**WORK TASK**
Pictures are to be left out; every line from the one that holds "Using his backhoe, he" to the end of the data is to be retyped exactly.

**DATASET EXCERPT**
* * * *
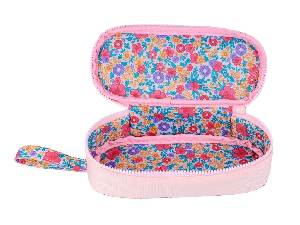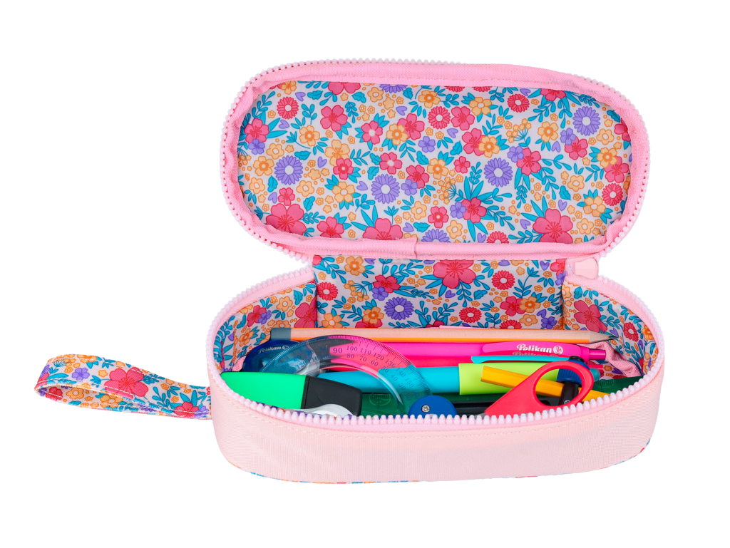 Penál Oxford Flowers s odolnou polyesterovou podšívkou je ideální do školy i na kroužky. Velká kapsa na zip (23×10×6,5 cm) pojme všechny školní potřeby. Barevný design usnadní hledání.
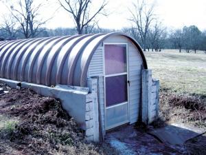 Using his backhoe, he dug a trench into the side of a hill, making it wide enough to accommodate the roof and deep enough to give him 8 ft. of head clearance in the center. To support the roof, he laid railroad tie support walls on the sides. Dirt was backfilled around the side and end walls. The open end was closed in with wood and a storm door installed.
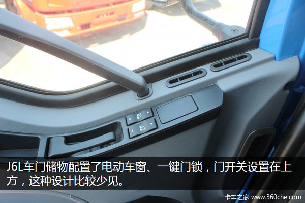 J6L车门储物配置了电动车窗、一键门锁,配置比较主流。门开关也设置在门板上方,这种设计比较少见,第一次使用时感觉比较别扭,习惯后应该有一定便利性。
* * * *
**WRITTEN RESPONSE**
 Using his backhoe, he dug a trench into the side of a hill, making it wide enough to accommodate the roof and deep enough to give him 8 ft. of head clearance in the center. To support the roof, he laid railroad tie support walls on the sides. Dirt was backfilled around the side and end walls. The open end was closed in with wood and a storm door installed.
 J6L车门储物配置了电动车窗、一键门锁,配置比较主流。门开关也设置在门板上方,这种设计比较少见,第一次使用时感觉比较别扭,习惯后应该有一定便利性。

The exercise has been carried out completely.